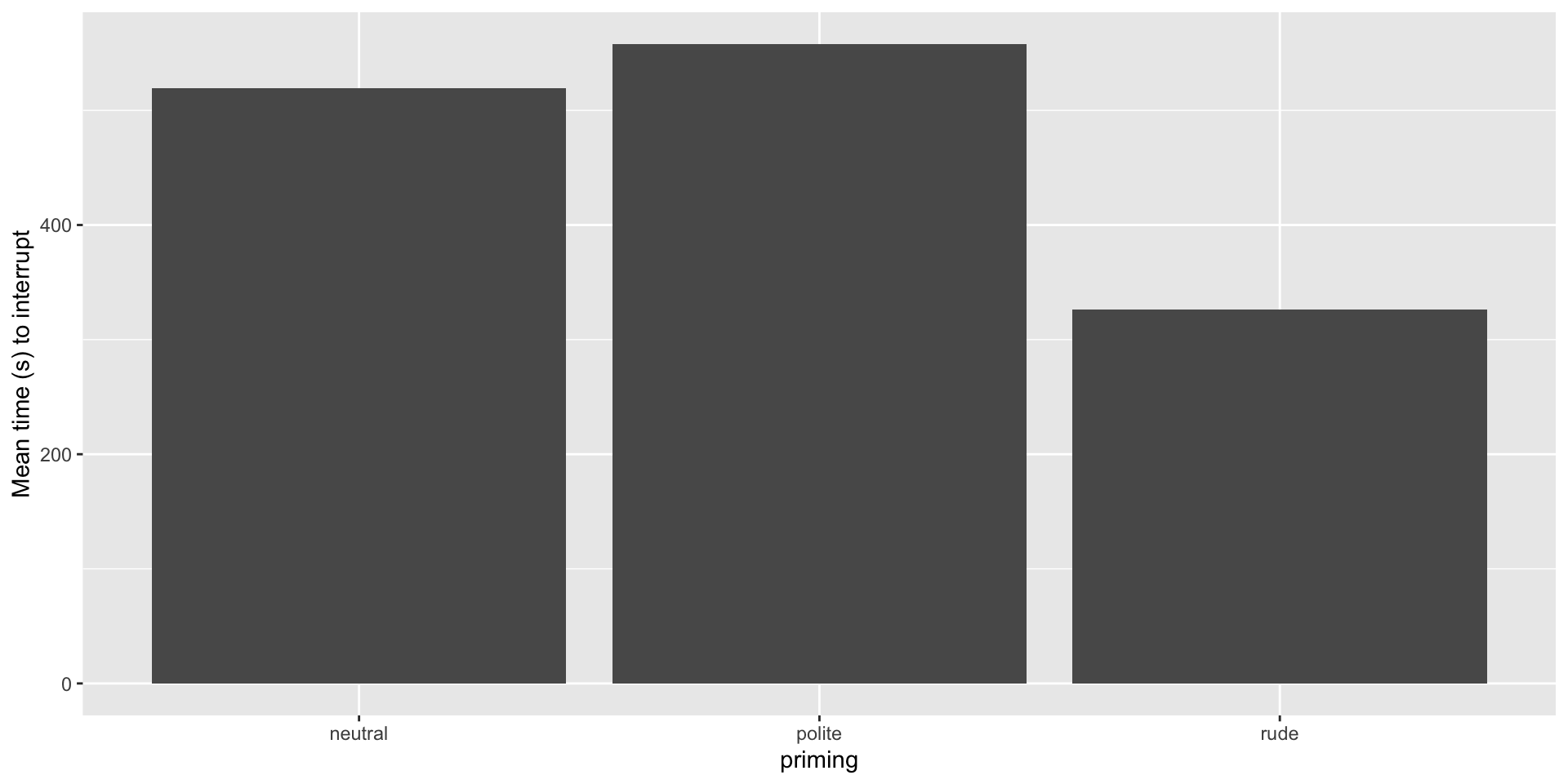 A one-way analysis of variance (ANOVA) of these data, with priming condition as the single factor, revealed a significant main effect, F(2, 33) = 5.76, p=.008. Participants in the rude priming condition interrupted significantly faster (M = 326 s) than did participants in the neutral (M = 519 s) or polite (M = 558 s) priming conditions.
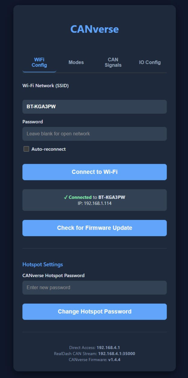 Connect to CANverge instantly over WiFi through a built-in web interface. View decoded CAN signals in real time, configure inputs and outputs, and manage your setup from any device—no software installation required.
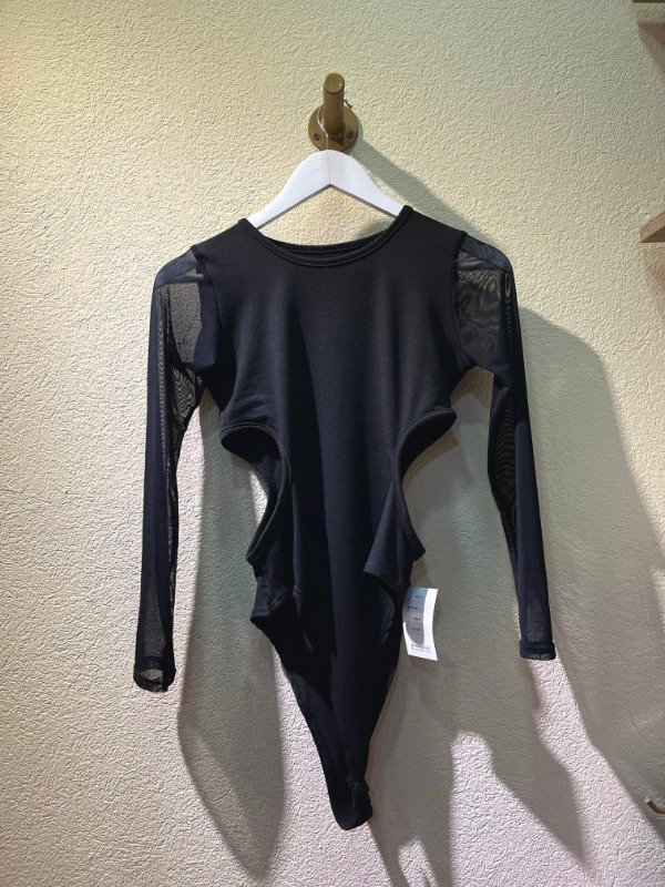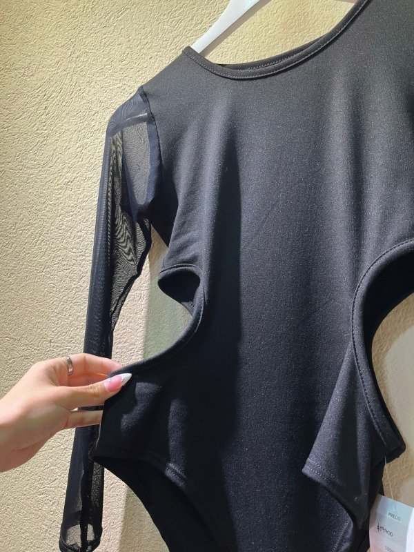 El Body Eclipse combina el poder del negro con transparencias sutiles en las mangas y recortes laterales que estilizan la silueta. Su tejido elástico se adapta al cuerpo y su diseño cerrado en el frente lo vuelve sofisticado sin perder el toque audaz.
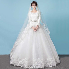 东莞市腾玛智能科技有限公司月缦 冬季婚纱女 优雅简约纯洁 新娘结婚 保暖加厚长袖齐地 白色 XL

• To do
Type the listing out again word for word, passing over each picture.

• Task response
 A one-way analysis of variance (ANOVA) of these data, with priming condition as the single factor, revealed a significant main effect, F(2, 33) = 5.76, p=.008. Participants in the rude priming condition interrupted significantly faster (M = 326 s) than did participants in the neutral (M = 519 s) or polite (M = 558 s) priming conditions.
 Connect to CANverge instantly over WiFi through a built-in web interface. View decoded CAN signals in real time, configure inputs and outputs, and manage your setup from any device—no software installation required.
 El Body Eclipse combina el poder del negro con transparencias sutiles en las mangas y recortes laterales que estilizan la silueta. Su tejido elástico se adapta al cuerpo y su diseño cerrado en el frente lo vuelve sofisticado sin perder el toque audaz.
 东莞市腾玛智能科技有限公司月缦 冬季婚纱女 优雅简约纯洁 新娘结婚 保暖加厚长袖齐地 白色 XL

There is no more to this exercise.